The list is mouth-watering; Neymar, Sergio Ramos, Thomas Muller, Mats Hummels, N’Golo Kante, Riyad Mahrez, Robert Lewandowski, Gonzalo Higuain, Sadio Mane – and James Milner.
Of course, Ed Woodward was never going to sign all of those players.
But van Gaal’s admission that United ‘only got third-, fourth- or fifth-choice players’ is a damning verdict on the Englishman’s competence.
Same problems rearing their head
Perhaps some of the names on that list – Neymar, Ramos, Lewandowski – were completely unrealistic, and Leeds-born James Milner would have taken a lot of convincing too.
But Mane, Kante and Mahrez since moved to three direct rivals – Liverpool, Chelsea and Manchester City, as United floundered under Woodward.
Ultimately, Woodward failed to get the players through the door that the manager he handpicked felt United needed.
We are seeing similar now, years later, with the Jadon Sancho saga coming after Bruno Fernandes was signed months after he should have arrived.
Woodward failed to deliver for van Gaal – and to varny degrees for David Moyes and Jose Mourinho – and is making a similar meal of the current transfer window.

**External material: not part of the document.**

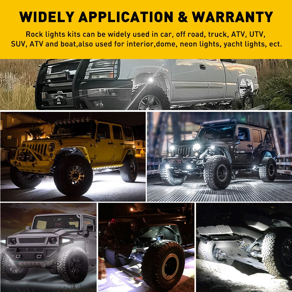 Specification: Suitable models: Universal, including cars, SUVs, JEEP, truck, etc Connection mode: red wire to the positive pole, black wire to the negative pole Placement on vehicle:Under,Fender,Wheel eyebrow, grill,wheel arch etc. LED Quantity: 9 LED Per Light Voltage: DC 10V-14V Material: Diecast Aluminum Housing Color: White Service life: 50000+ hours Waterproof:IP68 Housing color:Black Features: *Brilliant brightless: High intensity chip to light up the entire under car. *Wateproof design: High waterproof rating (IP68)with long service life. White 8Pods Rock LED CSP Underbody Light JEEP for Truck ATV UTV Boat Motorcycle Specification: Suitable models: Universal, including cars, SUVs, JEEP, truck, etc Connection mode: red wire to the positive pole, black wire to the negative pole Placement on vehicle:Under,Fender,Wheel eyebrow, grill,wheel arch etc. LED Quantity: 9 LED Per Light Voltage: DC 10V-14V Material: Diecast Aluminum Housing Color: White Service life: 50000+ hours Waterproof:IP68 Housing color:Black Features: *Brilliant brightless: High intensity chip to light up the entire under car. *Wateproof design: High waterproof rating (IP68)with long service life. *Universal Application: This LED rock lights widely fit for JEEP, Rock crawlers, rock bouncers, off-road, truck, UTV, ATV, SUV, RV, boat, golf cart, tow vehicles, Camp trailer trailers, trikes, street rods, drifters, low riders, racers, etc *DIY Style: Mini design makes the rock lights easy to mount anywhere you want. Perfect for car lights, off-road lights, truck bed lights, van lights, camp trailer lights, tow vehicles lights, boat lights, etc. Packaging included: 8 PCS LED Rock Lights 1 SET Installation Kit Item Specifics Features CANbus Compatible Bulb Fitment Code C5W Manufacturer Warranty One Year Warranty Application 2 for trikes, street rods, drifters, low riders, racers, etc. MPN Does Not Apply Lifetime 50,000 Hours OE/OEM Part Number AUXITOLED Voltage DC 10V~14V Fitment Type Performance/Custom Performance Part Yes Lighting Technology LED Suitable For Accessory Light Underbody Light Size 2 Inch Lumens 6000 lm Display title in Boldface off Material Diecast Aluminum Housing To Fit underbody underglow wheel well decoration lights Interchange Part Number Widely used under vehicles, interior light, Grill lights, card li Color Temperature 6500K Light Color White Number of Bulbs 8 Placement on Vehicle Under, Fender, Wheel Eyebrow, Grill, Wheel Arch, Mudgua, Front, R Wattage 9W Housing Color Black Application for JEEP, Rock crawlers, rock bouncers, off-road, truck,UTV, ATV Waterproof Rate IP67 Application 1 for SUV, RV, boat, golf cart, tow vehicles, Camp trailer trailers Manufacturer Part Number Underbody Light Brand Unbranded Bulb Life Hours Up to 30,000 Hours Type Rock Light UPC 608374287890 Bulb Life Hours Up to 30,000 Hours Other Lights We Have Accessory Light Brake Light Center Brake Light Combination Light Daytime Running Light Dome Light Emergency Light Fog Light Footwell Light Glove Box Light Headlight High Beam Instrument Panel Light License Plate Light Light Bar Low Beam Other Light color we have Map Light Off-Road LightOff to Road Light Parking Light Reverse Light Side Marker Light Side Repeater Light Tail Light Third Brake Light Trunk Light Turn Signal Light Underbody Light Warning Strobe Light Wheel Light Work Light Other Light color we have Blue Cold White Green Multicolor Orange Pink Purple Red Ultraviolet Warm White Other light bulb we have C5W D1C D1R D1S D2C D2R D2S D3S D4S H1 H10 (9145) H11 H11B H12 (9055) H13 (9008) H13A H14 H15 H16 H16B H2 H21W H27W/1 (880) H27W/2 (881) H3 H3C H4 H6W H7 H8 Other light bulb we have H8B H9 H9B HB1 (9004) HB12 HB2 (9003) HB3 (9005) HB3A (9005XS) HB4 (9006) HB4A (9006XS) HB5 (9007) HIR1 (9011) HIR2 (9012) HP24W HPY24W P21W P22W PSX24W PSX26W PX24W PY21W R10W R2 R5W T4W W21W (7440) W3W (194) W5W (168) WY5W FAQ ♥ If you have a decoding problem or any other problems, please contact us first, we will help you with it. We will reply you within 24 hours in working days. I'm a new seller, thanks a lot for your trust and convince! I will serve you with all my heart. ♥ Q1: Will this bulb fit my vehicle? A: We can match almost any vehicle to one of our bulb sizes. eBay only lets us include some vehicle fitments per listing, but if your vehicle does not show up on the compatibility table at the top of our listings, welcome you to contact us for free consulation before purchasing a product. Q2: My item has not arrived, what's taking so long? A: Sometimes items take longer than expected, especially if it’s going far or to rural area. Check with your post office to see if your item has been held up. Sometimes Royal Mail will not update a tracking number until it has arrived at its destination. If your item still don't arrive after a few days, let us know so we can double check for you and help solve it asap. Q3: My bulbs won't fit, help! A: Special bulb holder may be required. See if you can take the holder from the stock bulb. If not, let us know. The bulb size may be wrong, double check the item you received with the item you ordered. Do you have an aftermarket lighting housing? These may not be perfectly fitted for aftermarket bulbs and will require some manual modifications. Q4: Neither side lighting up? Both sides flicker, hyper flash, or work inconsistantly. A:Check the light fuses, and then check the ballast plugs to insure correct installation. If this doesn't work, there may be a voltage problem with the vehicle. You probably just need a relay or capacitor. Even though some bulbs are builtin resistors, they may still need a decoder. Pay & Ship (1). We gladly accepts payment via PayPal, We will ship your item(s) within 24 hours. (2). Before payment, please keep the consistency of Paypal address and ebay address. (3). Quantity orders are welcome! Returns (1). We offer 60 days free return policy. Please contact us within 60 days from the date you receive your order if you ha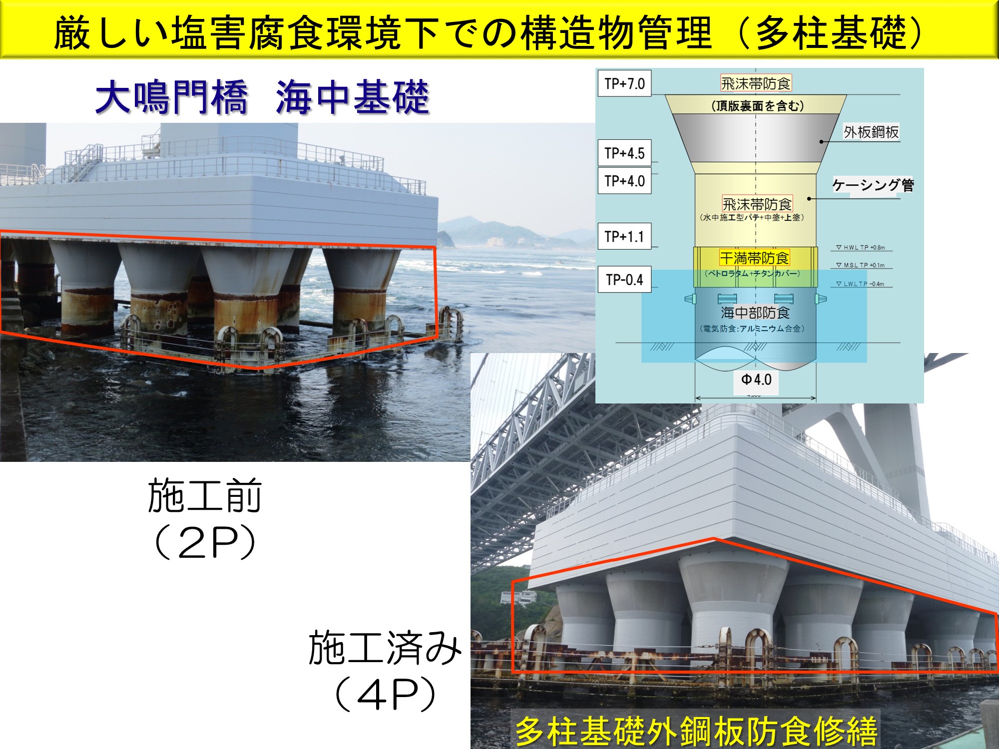 瀬戸大橋の鋼ケーソン、大鳴門橋の多柱基礎の鋼管については、内部にコンクリートが充填されているので、なくなってもコンクリートがしっかりしていれば問題ないというのが当初の考えでした。しかし、想定される地震の規模が大きくなり、耐震照査すると鋼管がないと耐震性が確保できないことから、現在は鋼管を維持するために防食対策をしています。

Recent comments in the Guardian from United legend Patrice Evra showed Woodward’s lack of competence is not limited to failing to secure transfer targets.
The Frenchman said: “I felt betrayed by Ed. I called Juventus to tell them I am coming. Ed then said: ‘We offer you a two-year contract, more money, the captaincy, a testimonial.’ Too late.”
Woodward failed to extend the contract of a player who clearly loved United, just as he did last summer with Ander Herrera.
Within one season, both men were playing in the Champions League final; Evra in 2015, Herrera on Sunday night with PSG.
While United were never going to match PSG’s offer for Herrera, letting the Spaniard’s contract get to the final few months unrenewed was asking for trouble.